= Dataset extract =
• • •

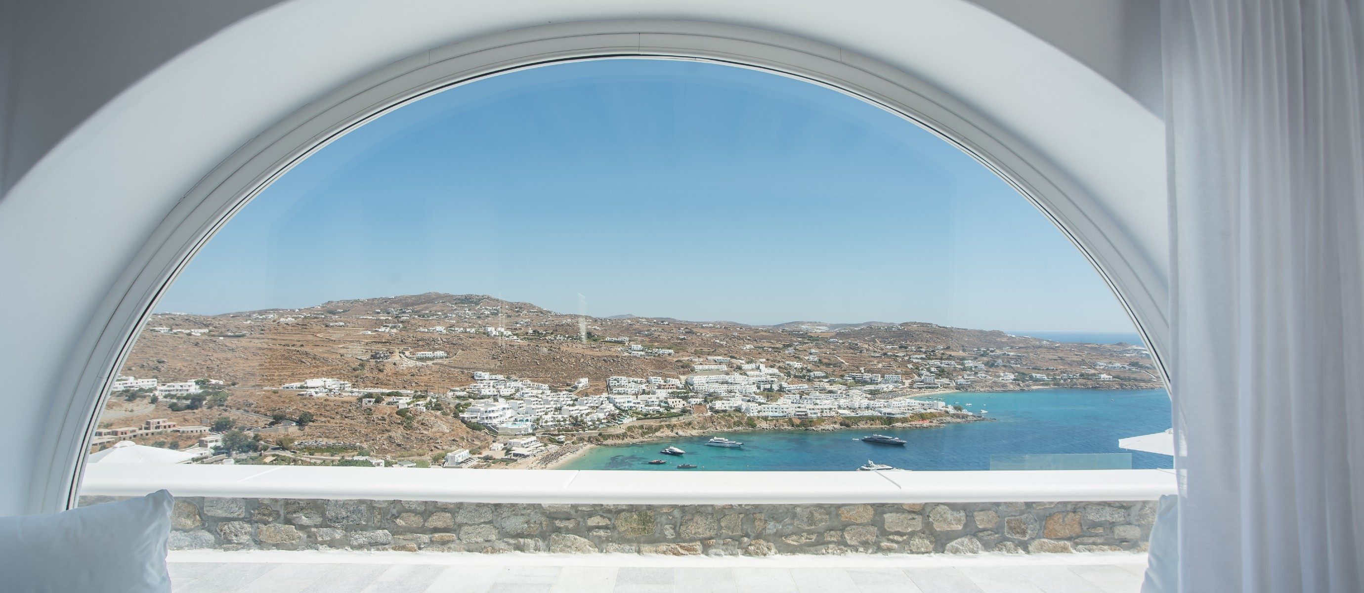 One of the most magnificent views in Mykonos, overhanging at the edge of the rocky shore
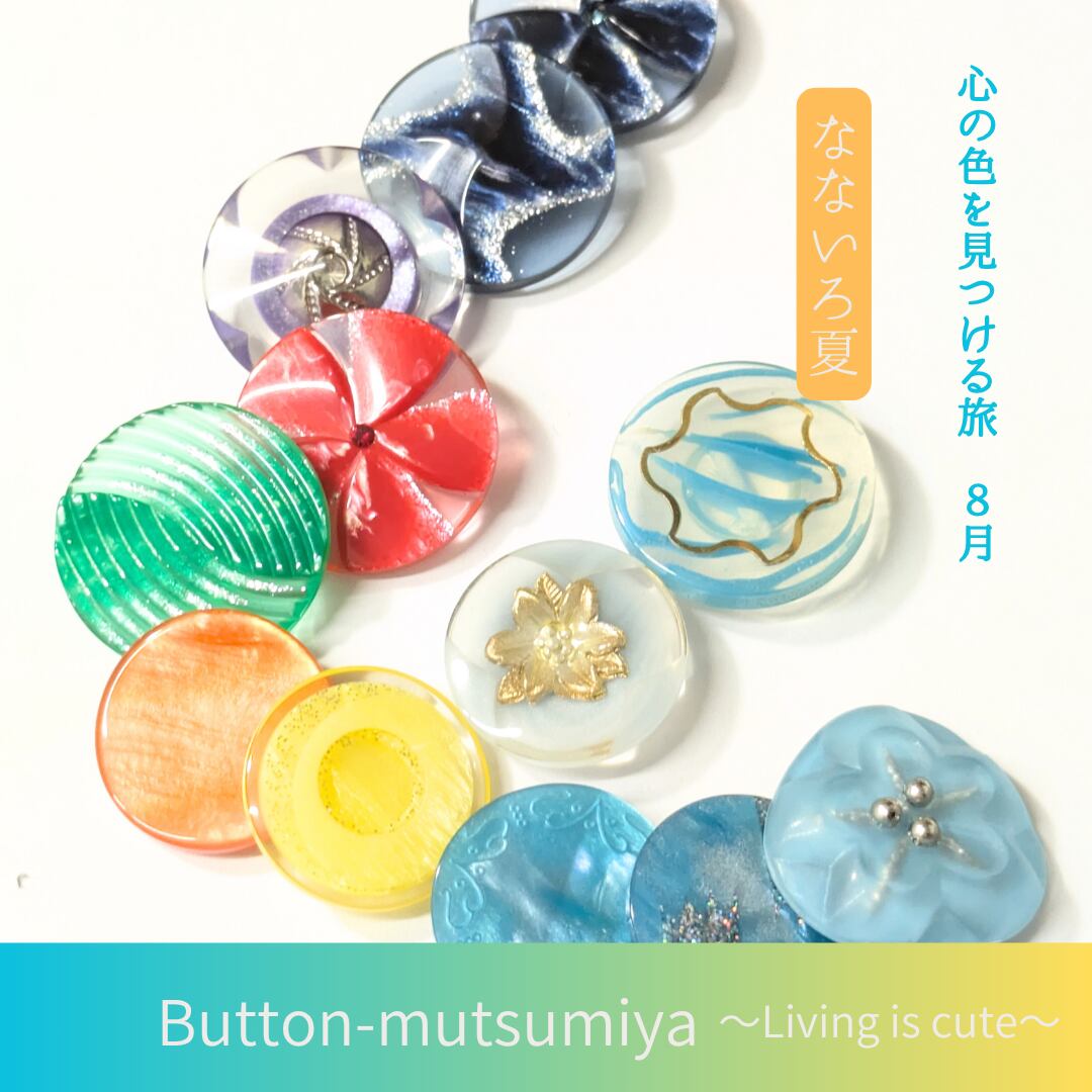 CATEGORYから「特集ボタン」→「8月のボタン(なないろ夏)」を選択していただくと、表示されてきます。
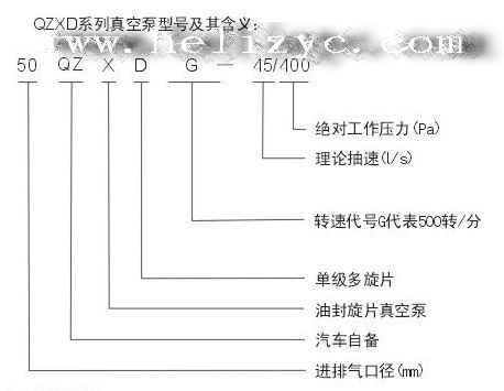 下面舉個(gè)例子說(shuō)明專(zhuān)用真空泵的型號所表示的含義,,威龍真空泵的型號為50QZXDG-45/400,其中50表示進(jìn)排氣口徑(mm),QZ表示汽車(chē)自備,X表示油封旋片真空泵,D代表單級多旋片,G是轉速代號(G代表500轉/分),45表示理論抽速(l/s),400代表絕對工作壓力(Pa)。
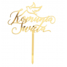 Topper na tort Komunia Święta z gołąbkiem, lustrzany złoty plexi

• • •

= Exercise =
All of the data above should be quoted exactly, except for the pictures.

= Your solution =
 One of the most magnificent views in Mykonos, overhanging at the edge of the rocky shore
 CATEGORYから「特集ボタン」→「8月のボタン(なないろ夏)」を選択していただくと、表示されてきます。
 下面舉個(gè)例子說(shuō)明專(zhuān)用真空泵的型號所表示的含義,,威龍真空泵的型號為50QZXDG-45/400,其中50表示進(jìn)排氣口徑(mm),QZ表示汽車(chē)自備,X表示油封旋片真空泵,D代表單級多旋片,G是轉速代號(G代表500轉/分),45表示理論抽速(l/s),400代表絕對工作壓力(Pa)。
 Topper na tort Komunia Święta z gołąbkiem, lustrzany złoty plexi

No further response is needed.